We just need to make cities PEV friendlier

In my prior post I claimed that not only will the BEV rollout be very expensive, but that much of the cost will be paid by those that can afford it the least.  As such, it is only a matter of time before it is politically rejected.

The environment loses.

Disagree?  How do you really feel about the higher price of food and housing? Because that is you funding excessive government spending, your dollars spent on things like the BEV subsidy.

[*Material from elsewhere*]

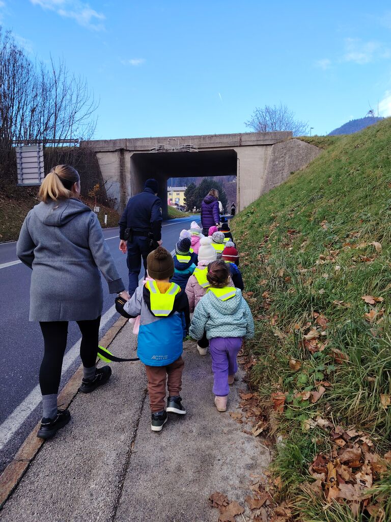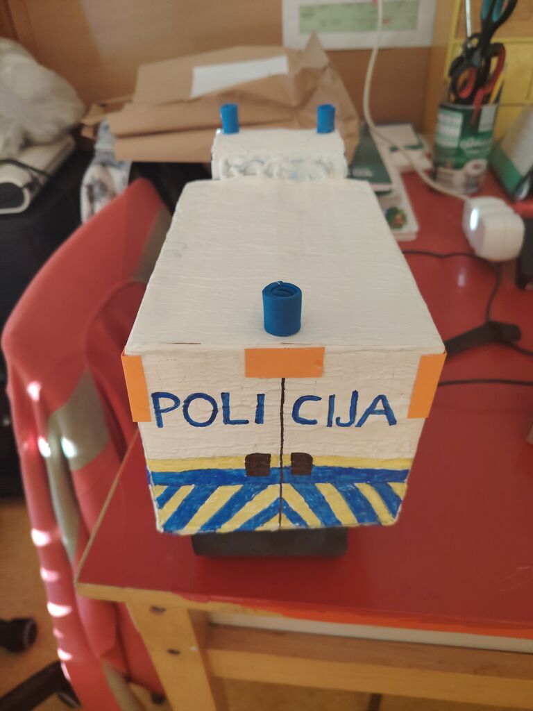 Policistom smo se želeli zahvaliti na poseben način, zato smo jim podarili policijski kombi (marico), ki smo ga izdelali sami, da jim bo ostal za spomin na naše druženje, majhno namizno dekoracijo ter piškotke, da se bodo lahko nas postaji malo posladkali. Daril so bili zelo veseli, prav tako pa tudi našega obiska, ki jim je polepšal delovni dan. Policist Andraž se je z nami odpravil na sprehod, kjer nas je še dodatno poučil o varnosti v prometu.

As an alternative emission reducing solution, consider instead PEV’s (Personal Electric Vehicles), which are battery powered transportation products such as E-bikes, E-scooters, and just about anything else that can move people around at a slower speed, for a shorter distance, and at a much lower cost than a BEV.  Yes, PEV replaces “micro-mobility”.

What are PEV’s good for?  How about the majority of trips that the average person makes each day, which are 5 miles or less.

Are PEV’s receiving a subsidy today?  They are, but a very small percentage of what BEV’s receive.  In California alone, a pilot E-bike program was launched in 2023 providing $13 million in vouchers for low-income households.  It is hoped that this program will expand to $50 million in 2024. In comparison, according to this report, since 2010, California has allocated more than $1.84 billion to three subsidy programs: the “Clean Cars 4 All” program, the “Clean Vehicle Rebate Project” and the “Clean Vehicle Assistance Program.”

$1.84 billion later and just 4% of the cars in California are EV’s. And we have yet to get serious about building a BEV charging infrastructure plus the additional renewable power sources.

50 million is about 2.7% of 1.84 billion, but if you factor in the required BEV infrastructure, the percentage is very small.  Let’s just round it up to 1%.  Given this, why are 99% of present and future state subsidies being directed towards less than half of total trips, those that are over 5 miles?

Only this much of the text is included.